After granting en banc rehearing and ordering that the panel decision not be cited, 714 F.3d 1134 (April 25, 2013), the en banc court found reasonable suspicion. 738 F.3d 1074 (Dec. 24, 2013) (Pregerson, Reinhardt, Thomas, J.J., dissenting). The court noted that reasonable suspicion requires more than a hunch but less than probable cause and “is not a particularly high threshold to reach.” 738 F.3d at 1078. The court observed that the correct approach “precludes a ‘divide-and-conquer analysis’ because even though each of the suspect’s ‘acts was perhaps innocent in itself . . . taken together, they [may] warrant[] further investigation.” Ibid., quoting Arvizu, 534 U.S. at 274. “The nature of the totality-of-the circumstances analysis also precludes us from holding that certain factors are presumptively given no weight without considering those factors in the full context of each particular case.” 738 F.3d at 1079. Proper evaluation “cannot be done in the abstract by divorcing factors from their context in the stop at issue.” Id.

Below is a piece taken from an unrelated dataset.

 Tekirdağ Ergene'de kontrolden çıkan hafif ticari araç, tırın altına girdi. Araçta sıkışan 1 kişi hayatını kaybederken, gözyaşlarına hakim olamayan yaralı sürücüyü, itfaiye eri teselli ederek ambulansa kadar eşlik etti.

“And the facts must be filtered through the lens of the agents’ training and experience.” Ibid. The en banc court stated that the district court’s findings were not clearly erroneous and that, given the totality of the circumstances, “many of the facts found relevant by the district court are highly probative in our view as well.” Ibid. “In light of the totality of the circumstances, giving due weight to the agents’ experience and reasonable deductions, we hold that the agents had a reasonable, particularized basis. . . .” Id. at 1080. There is no need for an officer to rule out an innocent explanation; . . . [a] series of innocent acts may be enough for reasonable suspicion. . . .” Ibid. “We need not decide whether any single fact would be enough to support suspicion because we are not called upon to review single facts in isolation.” Id. at 1081.

The threshold for according deference to agency adverse credibility findings should be even lower, because the substantial evidence standard – a more deferential standard – applies to them.

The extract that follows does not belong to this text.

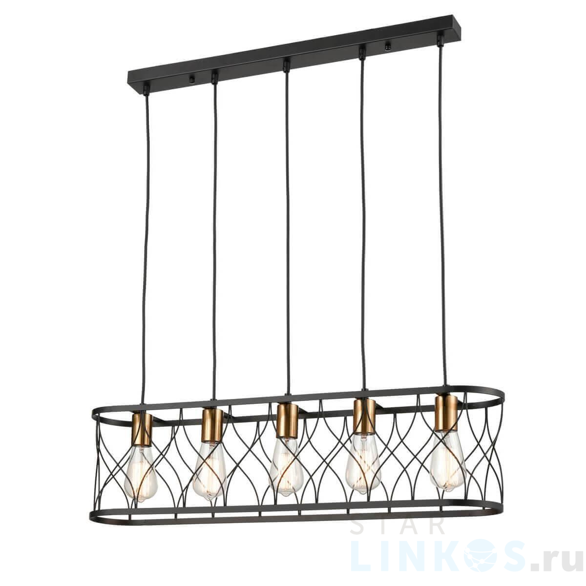 Поставщик рекомендует использовать лампы накаливания с цоколем E27 для освещения площади 8 м2. Подвесной светильник Vele Luce Ulik VL6242P05 в стиле лофт используется в интерьере гостиной с установкой на потолок.

By statute, “the administrative findings of fact [underlying an immigration petition for review] are conclusive unless any reasonable adjudicator would be compelled to conclude to the contrary.” 8 U.S.C. 1252(b)(4)(B).

The relevance of Arvizu is particularly strong in petition for review cases in which the REAL ID Act applies, i.e., cases in which an application for asylum, withholding, and/or protection under the Convention Against Torture originally was filed on or after May 11, 2005. Section 101(a)(3)(B)(iii) of the REAL ID Act added new language to the INA on the subject of credibility determinations. That language begins: “Considering the totality of the circumstances, and all relevant factors. . . .” 8 U.S.C. 1158(b)(1)(B)(iii) (asylum). See also 8 U.S.C. 1231(b) (3 (C) (withholding); 8 C.F.R. 208.16 (b) (Convention Against Torture).

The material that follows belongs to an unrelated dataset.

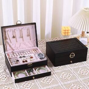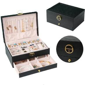 Maleta Caixa Porta Joias Estojo Organizador 2 Níveis Gaveta Anéis Brincos Pulseiras Relógio Preto

How Can IJ Find Lack of Credibility?

THREE MAIN REASONS

1. Lack of Detail

If the Applicant provides answers that lack specific details, dates, times, descriptions of people and what they were wearing, etc.

This is probably the most common reason cited.

2. Implausibility

The story the Applicant tells seems implausible.

3. Inconsistencies

Testimony in Court is not consistent with written statement, I-589, or what was said at credible fear interview. Or something you said in the beginning of your testimony does not match something you said later in your testimony.

This is probably tied for the most common reason cited.